Are you venting your water vapor+stripping gas to flare, to a burner, or flare?  What is the back pressure exerted on the reboiler?  That will set your reboiler pressure and temperature.  Are you confronting any BTX pollution issues on this process?

 

In the event of overpressure, the PSV will send the water vapor + stripping gas to the LP Flare K.O. drum, since I assumed that would be the safer option. I am not too sure what a burner is. I haven't really looked heavily into the reboiler. Its not explicitly part of my scope, and I was only planning to get the basic sizing as outlined in the method found in Gas Dehydration Field Manual. 

 

 

 

 

All the pipe sizing calculations I performed were as per ASME B31.3. I found all the piping in the TEG circuit to be a 3 inch Schedule 40 pipe (design pressure at 13MPag), while keeping the liquid velocity between 1-3m/s. In terms of loads from offshore vibration, I am not sure if that size will be able to hold. If not, a 4 inch Schedule 40 also fits the criteria and I can change to that.  Of course schedule 40 was not required at lower pressures, but from what I know it is more economical in terms of capital cost. 

 

As for the reflux coil, I sized it to 20% of the total rich glycol flow rate. Currently, I am using a 2 inch Schedule 80 SS316L. BP group standards  actually specified a minimum of Schedule 80 for the coil, Shell Design and Engineering Practice (DEP) did not address it. I could not keep the velocity criteria in this case. I am unsure of my assumptions regarding the geometry was reasonable or not, but I felt the results were reasonable. 

 

Going back to the still column mechanical design. You mentioned earlier that the column is not a pressure vessel, however since I took the design pressure as 3.5barg, am I correct in assuming that this would effectively allow me to treat it as a pressure vessel, and size the wall and head thickness accordingly?

 

Based on the diameter of 0.65m and the design pressure, the wall thickness I acquired with a corrosion allowance of 4mm, gave a minimum thickness of 5mm. It would definitely be different if I were to size based on hydrostatic test pressure of an atmospheric vessel so I would appreciate your clarifications on this matter. I will check if thicker walls is required towards the bottom of the column at a later stage. 

 

As for the connecting flange at the bottom of the column, am I correct to assume of fitting the design pressure, and all stress and bending moments acting on it and fit it to a class of flange? I have not found a clear explanation about this. I feel like it makes sense but would also appreciate external thoughts on it. 

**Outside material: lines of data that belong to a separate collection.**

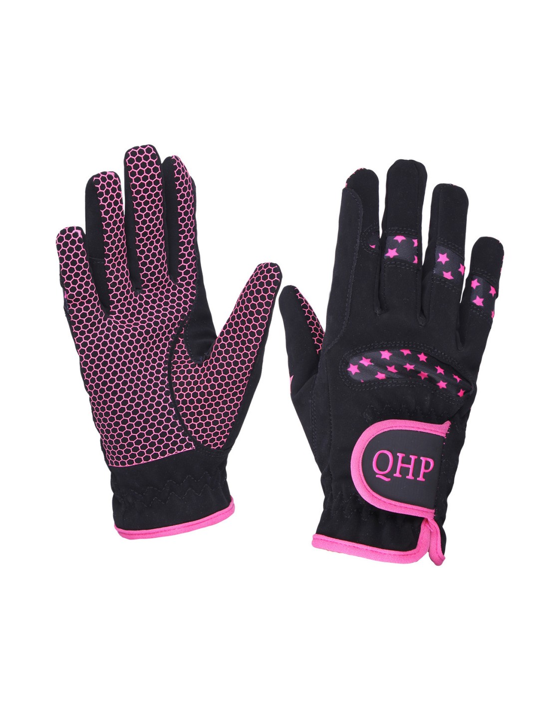Guants QHP Multi Star Negre/Fucsia Júnior |Cavall i Genet a Equestrian
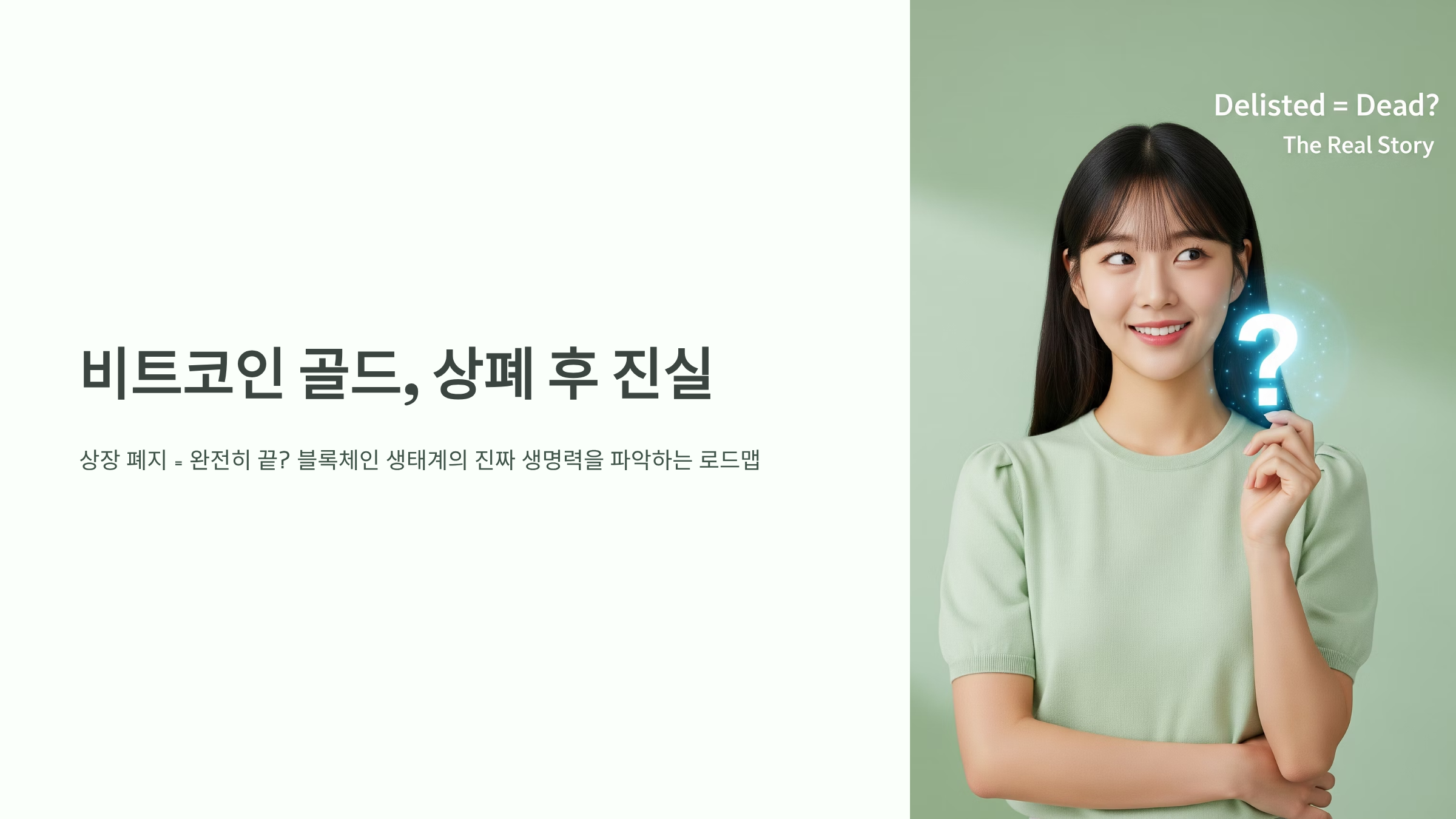 이 글은 단순한 코인 소개가 아닙니다. '비트코인 골드'라는 흥미로운 사례를 통해, 상장 폐지라는 현상 뒤에 숨겨진 블록체인 프로토콜의 진짜 생명력을 파악하는 로드맵을 제시합니다. 이 글을 끝까지 읽는다면, 여러분은 남들이 '죽었다'고 말하는 프로젝트의 생사를 스스로 판별하고, 더 깊은 차원에서 시장을 분석하는 투자자로 레벨업하게 될 것입니다.
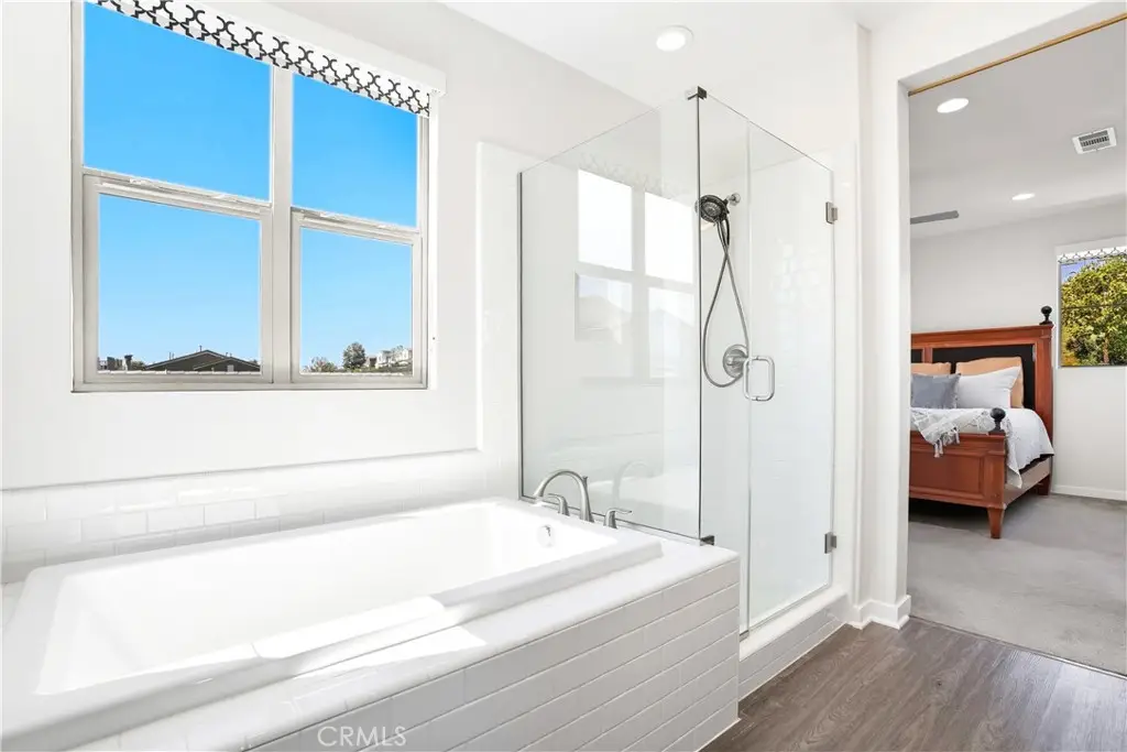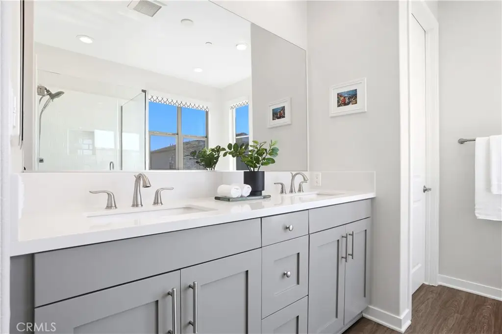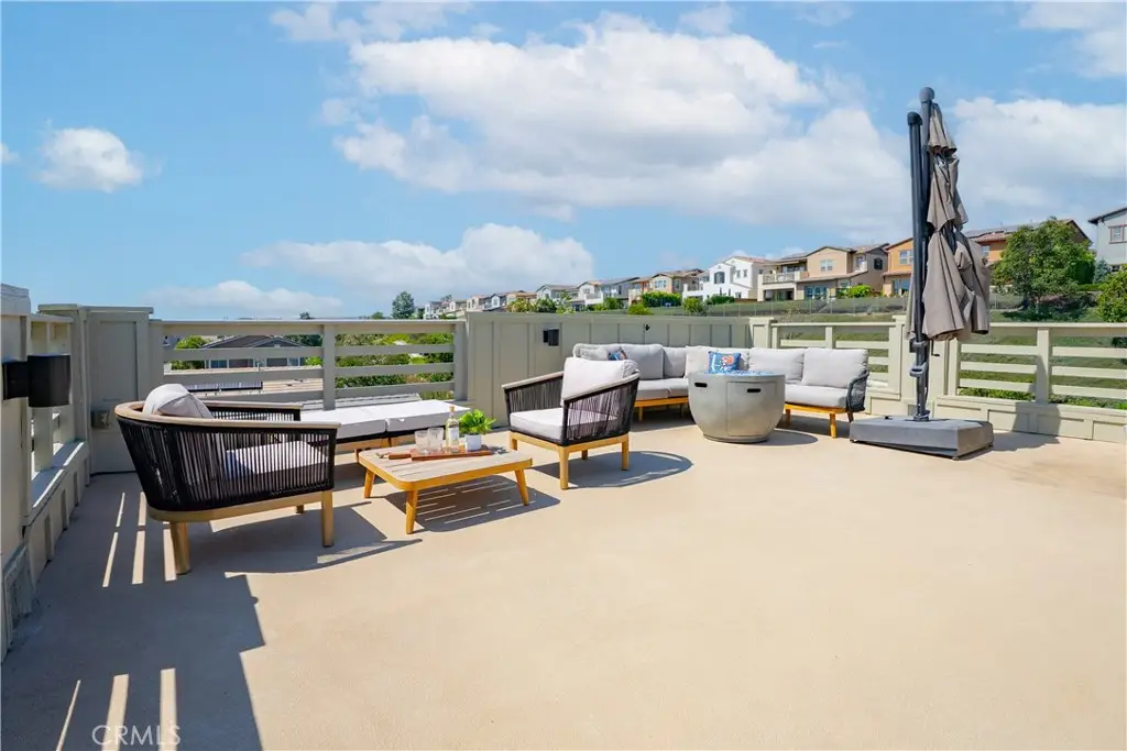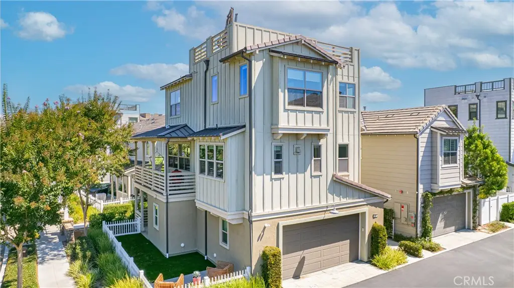 Nestled within the highly sought-after Trellis neighborhood of Esencia, this beautifully upgraded home showcases the community's largest floor plan, offering three spacious bedrooms plus a versatile office that can easily be converted into a fourth bedroom. Trellis is celebrated for its charming collection of modern farmhouses, perfectly capturing the essence of contemporary South Orange County living. From the moment you arrive, you're welcomed by a picturesque white picket fence, lush landscaping, and a generous wraparound front porch that sets the tone for the warmth and style found inside. The first level features a thoughtfully designed guest bedroom and a full bathroom, creating an ideal space for visitors or multi-generational living. Upstairs, the expansive second floor embraces an open-concept great room design, where the kitchen, dining, and family room flow seamlessly together. The kitchen has been modernly appointed with quartz countertops, gray cabinetry, stainless steel appliances, a designer backsplash, and durable faux-wood flooring. A custom shiplap wall and Restoration Hardware ceiling fan add stylish character, while the wraparound balcony extends the living space outdoors, providing the perfect setting for entertaining or enjoying the coastal breeze. The primary suite offers a peaceful retreat with a spacious walk-in closet and a luxurious en-suite bathroom featuring dual sinks, a romantic soaking tub, and a walk-in shower. An additional secondary bedroom and bathroom, along with a convenient laundry area, complete this level. The crown jewel of the home is the expansive rooftop deck, an entertainer's dream with plenty of room for gatherings, relaxation, and taking in breathtaking panoramic views. Blending modern upgrades with timeless farmhouse charm, this residence is a rare opportunity to own one of Trellis' most desirable homes. Exclusive to Rancho Mission Viejo residents are all amenities in the Villages of Sendero, Esencia, Rienda and future Villages. There are community amenities for all from breath-taking resort-style pools and spas, Esencia school K-8, community farms, fitness centers, guest house, putting green, bocce ball courts, tennis and pickle ball courts, playgrounds, coffee shop, fire pits, an arcade and so much more!
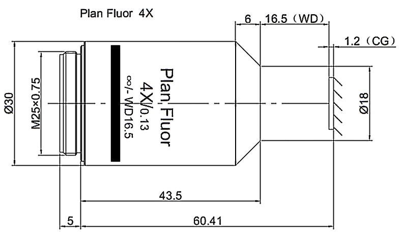 Plan Apochromatic Objective 4X, Optical System Characteristics Infinite Correction, Observation Method Bright Filed / Fluorescence, Level of Chromatic Aberration Correction Apochromatism, Focal Length 50MM, Field Number of The Objective 25MM, Numerical Aperture 0.2, Working Distance 20MM
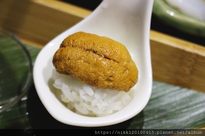 海膽和干貝這兩個奢華的食材搭在一起讓人看了就大呼過癮,一口吃下海膽的鮮味和干貝的甘甜,形成了完美的交響曲,在口中迴響不絕
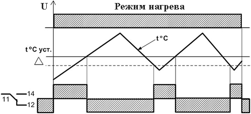 "Нагрев" - режим, при котором исполнительное реле включено, если контролируемая температура ниже установленной (нагреватель).
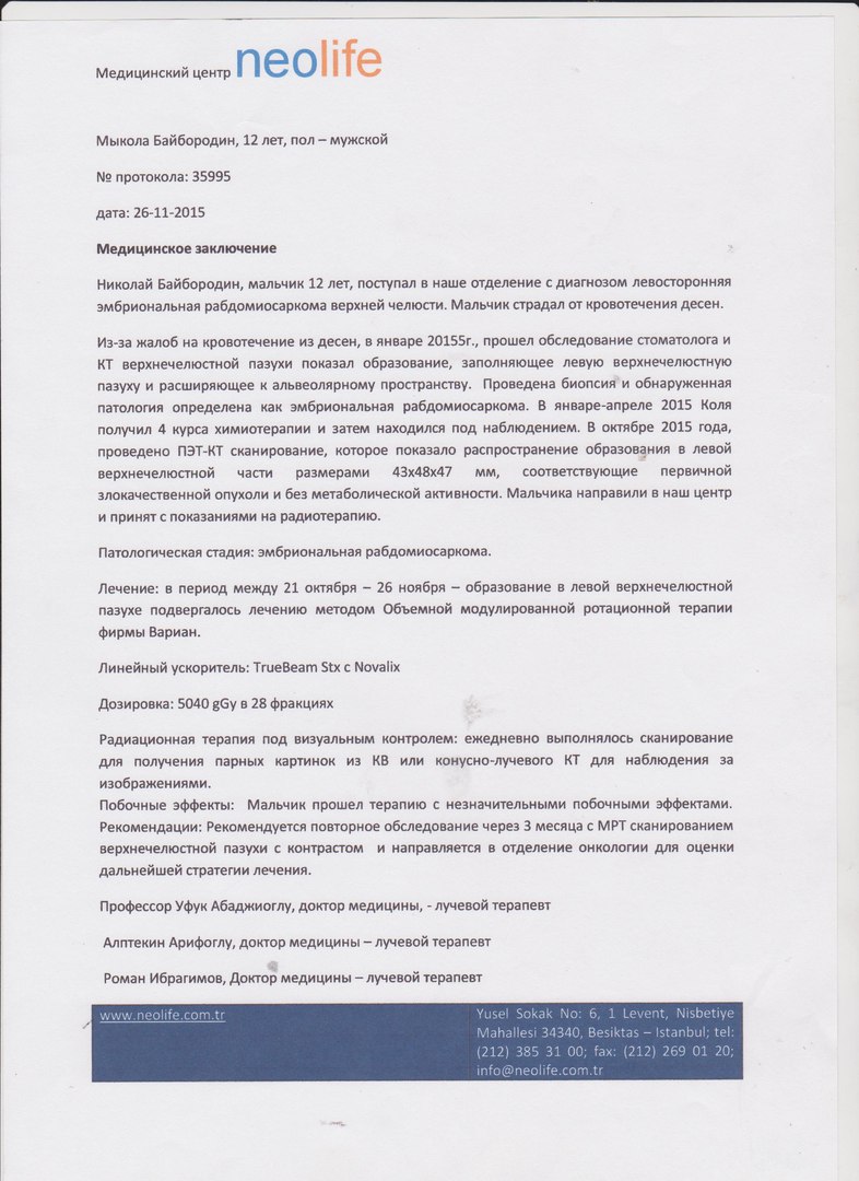 Мы разослали документы в клиники мира, которые специализируются в данной области и получили приглашение из клиники Турции "Неолайф" (Стамбул). С большим трудом, с миру по нитке, благодаря отзывчивым, добрым людям и заграничным фондам оплатили лечение в клинике. Коля прошел обследование и курс качественной радиотерапии на линейном ускорителе. Турецкие врачи дают хорошие шансы на жизнь моему ребёнку. Но для закрепления результата проведенной радиотерапии в Стамбуле, необходимо следовать протоколу лечения, который был выдан нам с выпиской.
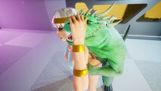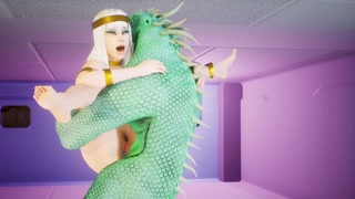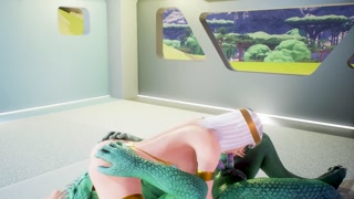 Tatyana visiting green furry dragon with a double thin dick gets a big creampie all over her body

EDIT: I just reailsed my body flange is non-standard. I will try following the flange sizing as found in Coulsons and Richardsons Chemical Engineering Design Vol 6.

 

Funny you mentioned the surge tank. My academic supervisor assigned the stripping tower and surge tank to my group member for his design. Some slightly contradicting opinions regarding that matter.

 

I think that was the only clarifications/issues I had.

 

If you require any more information, or want more clarification from me please dont hesitate to ask. 

 

Thanks again for your help Art. It is much appreciated. 

Edited by speakas, 25 October 2016 - 05:24 PM.